• **What to do**
For the data below, transcribe the part that opens with the line containing "それを見たモモカもうらやまし" and closes with the line containing "For example, look", exactly and with no pictures.

• **Given data**
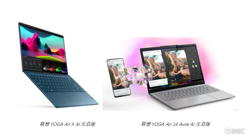 • YOGA Air X AI元启版:作为全球首款屏下摄像头笔记本电脑,搭配 4K PURESIGHT Pro OLED 显示器,高达 98%的屏占比带来极致视觉享受,为创意工作者打破边界束缚,提供无缝衔接的创作空间。这款由英特尔酷睿 Ultra 处理器强力驱动的AI PC,不仅轻薄便携易于携带,更具备长达 17 小时的强劲续航能力。
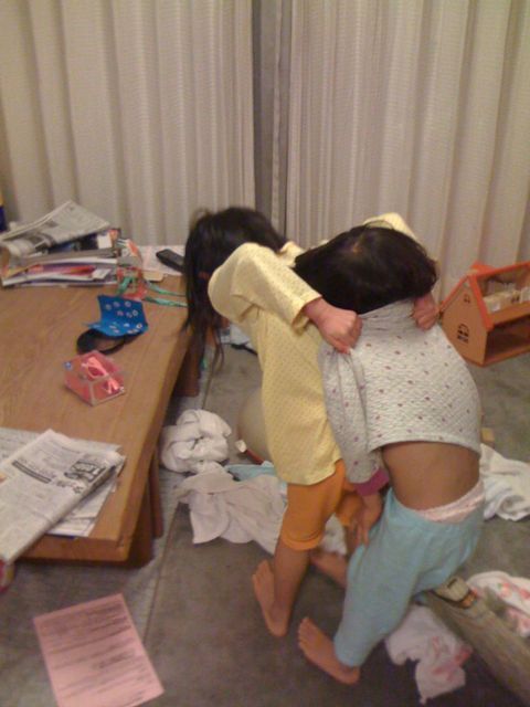 それを見たモモカもうらやましがり、「桃も!桃も!」と朝から二人で穴の開いた靴下の取り合いに。
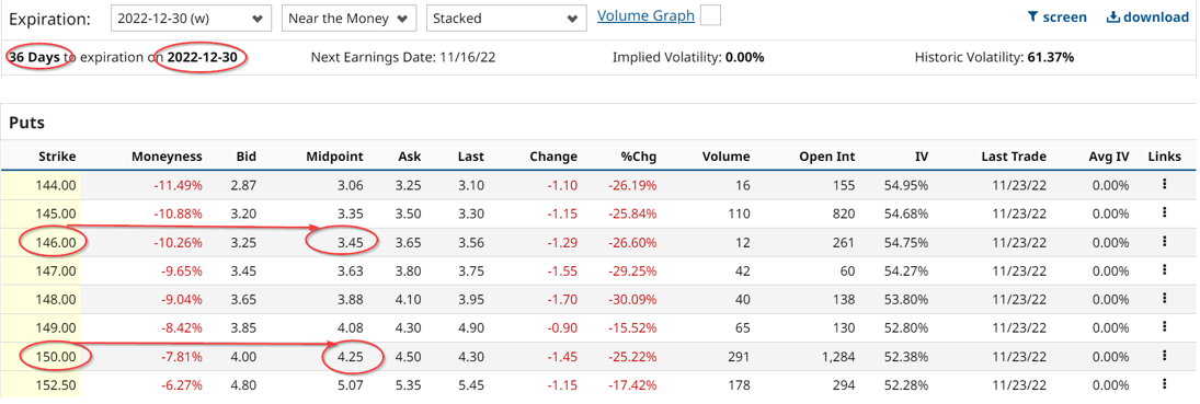 For example, look at the Dec. 30 expiration option chain (below) from Barchart, which is just 36 days forward or a little over one month. The out-of-the-money (OTM) put premium for the $150 strike price, which is almost 8.0% (7.81%) below the closing price on Friday, Nov. 25 of $162.70, has a very high premium of $4.25 per put contract.
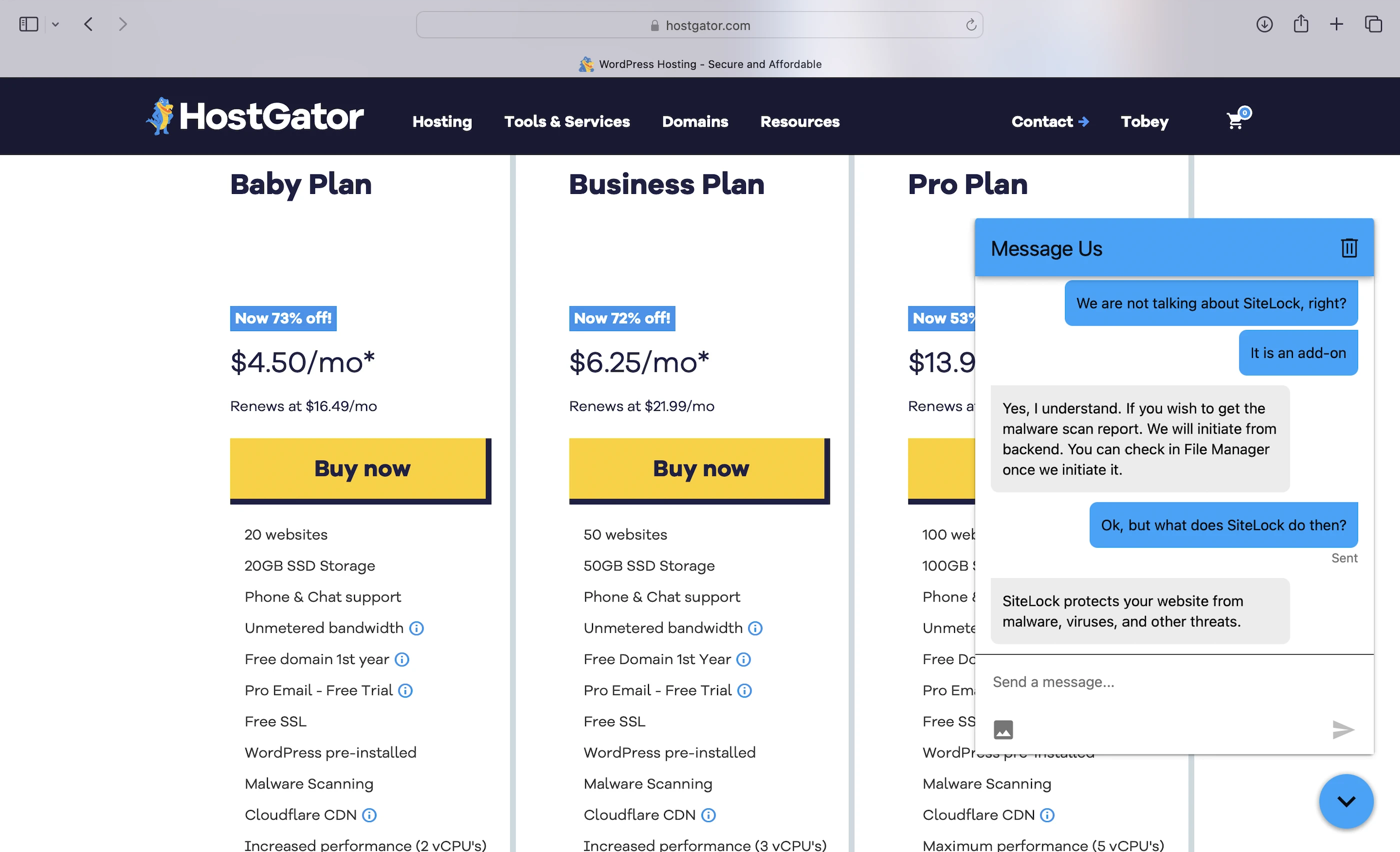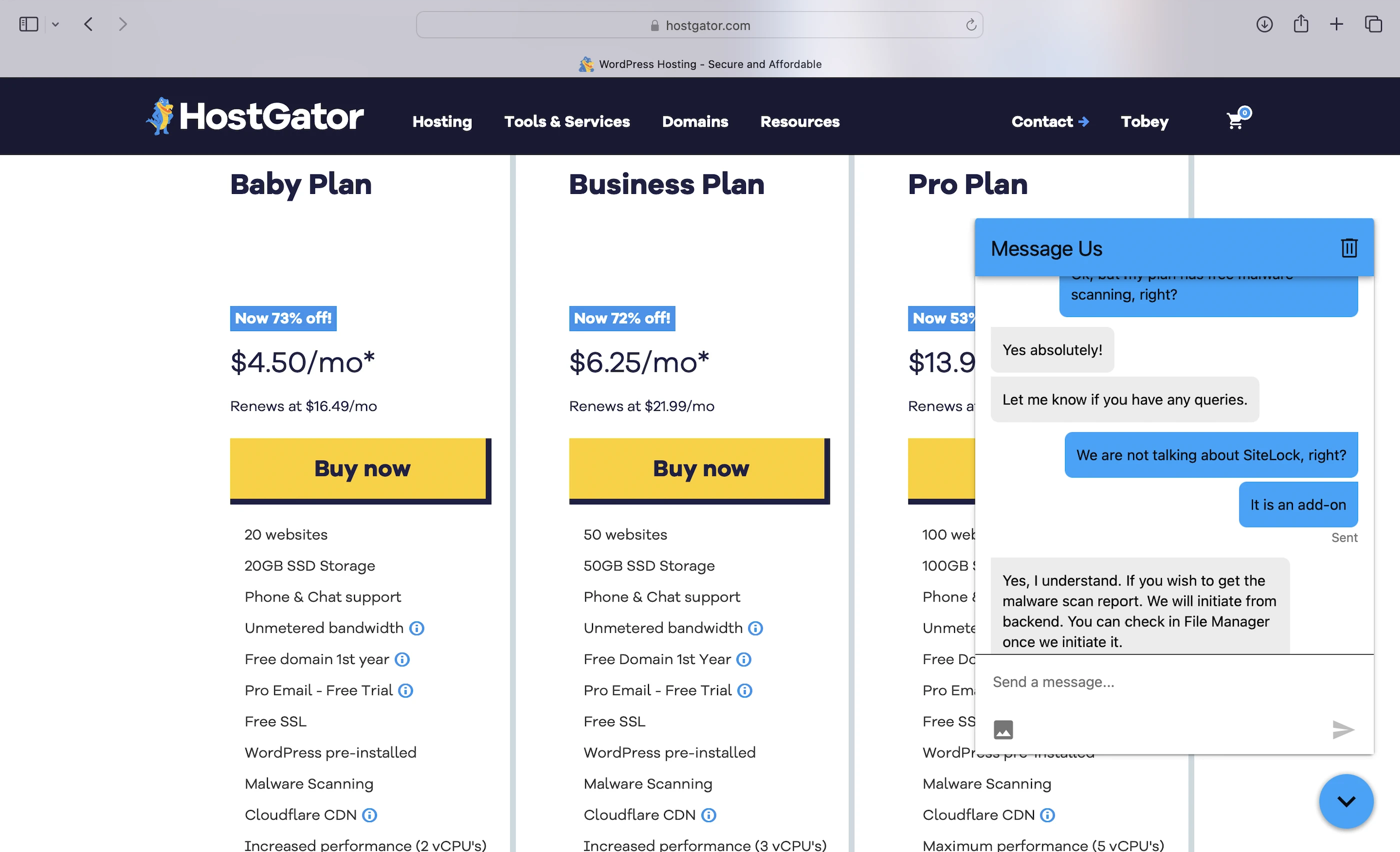 Wanna know how I know HostGator doesn’t offer any of the above? I had to contact Support for more details about my plan, because none of it was listed on its website.

• **Reply**
 それを見たモモカもうらやましがり、「桃も!桃も!」と朝から二人で穴の開いた靴下の取り合いに。
 For example, look at the Dec. 30 expiration option chain (below) from Barchart, which is just 36 days forward or a little over one month. The out-of-the-money (OTM) put premium for the $150 strike price, which is almost 8.0% (7.81%) below the closing price on Friday, Nov. 25 of $162.70, has a very high premium of $4.25 per put contract.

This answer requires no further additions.